Integration checks are the test class which verifies that inside the clock several moving parts and gears fit together well. Where the gears are tested by unit checks, integration tests look at the hands ' position to determine whether the clock will tell the time correctly. We look at the whole system or its subsystems. Usually, integration tests work conceptually at a higher level than unit tests. Creating compatibility checks therefore also happens at a higher level. Sometimes the exact behavior of an integration experiment can not be determined in advance, particularly in probabilistic or stochastic codes. In these cases, the validation of normal behavior is appropriate for integration trials.
There is also regression testing. Regression tests differ in quality from unit tests as well as integration tests. Regression tests look to the past for the expected behavior rather than assuming that the test author knows what the expected result should be. The estimated outcome is taken for the same outputs as what was previously measured. Regression testing suggests the experience is "right." It's useful to let developers know when and how a base of software has changed. They're not great to let anyone know why the change took place. The difference between what a program actually outputs and what it has historically produced is called a regression.
In machine learning based applications, we have to deal with more tests other than unit testing, integration testing or regression testing. Data debugging, feature selection, model debugging, and model optimization becomes more important part of the development life-cycle.
Data of low quality will have a huge impact on the performance of your project.

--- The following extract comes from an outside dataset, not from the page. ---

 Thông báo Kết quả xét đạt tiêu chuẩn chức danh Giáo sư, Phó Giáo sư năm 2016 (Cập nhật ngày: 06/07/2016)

Detecting low-quality data at input is much better than guessing about its presence after poorly forecasting the model. Follow the advice in this section to track your results.

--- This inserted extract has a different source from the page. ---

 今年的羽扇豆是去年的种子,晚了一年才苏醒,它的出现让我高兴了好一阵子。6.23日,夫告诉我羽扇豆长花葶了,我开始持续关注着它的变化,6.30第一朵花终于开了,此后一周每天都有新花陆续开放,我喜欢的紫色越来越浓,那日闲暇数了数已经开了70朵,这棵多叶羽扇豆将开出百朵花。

  • You should continually check your data against the expected statistical values in order to monitor your data by writing rules that the data must meet. Such law set is called an information scheme. Through following these steps, create a data schema: consider the context and distribution for your function data. Comprehend the set of possible values of categorical functions.
  • Encode your interpretation in the rules set out in the schema.
  • Check the information against the structure of software. The schema will capture software errors such as: deviations unexplained data distribution values of categorical variables.

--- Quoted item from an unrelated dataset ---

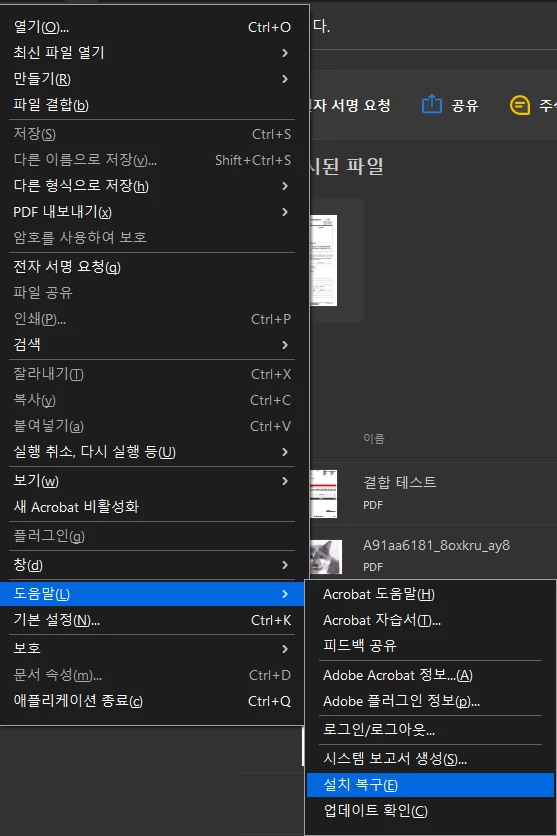 아크로뱃 자체에서 안 된다면 공식 컨버터 이용해보세요

Your input data must be fairly reflective of your evaluation and learning breaks. If there are statistically different test and learning differences, otherwise training data will not help predict the test data. See the Sampling and Splitting Data section in the ML course Data Preparation and Feature Engineering to learn how to sample and split data. Track the splits ' mathematical properties. If there are divergent properties, raise a flag. In addition, check that the number of examples remains constant in each break. For eg, this ratio should not shift if your data is split 80:20.


Machine Learning System: C/I, C/D. Courtesy: Wikipedia

Although your raw data may be true, only engineered function data is seen in your template. Due to the fact that engineered data looks somewhat different from raw data content, you need to independently test engineered data. Write unit tests based on your interpretation of your results. For example, to check for the following conditions, you can write unit tests: such as,
  • All numerical features are scaled between 0 and 1.
  • One-hot encrypted vectors contain only one zero for 1 and N-1.
  • Average or standard values are replaced by missing data.
  • Distributions of information following conversion are supposed to be reliable. For eg, if you used z-scores to normalize, the z-scores average is 0.
  • Data Debugging is the first step in debugging the template. Follow these steps to keep debugging your prototype after debugging your data, outlined in the following sections:
  • Verify that the labels can be predicted by the information.
  • Set up a baseline.
  • Write tests and run them.
  • Adjust the values of your hyperparameter.

Finally, any software system which uses machine learning models have other modules which must be integrated correctly and tested. It must be ensured that the model gets the proper input from the system and the output is properly processed.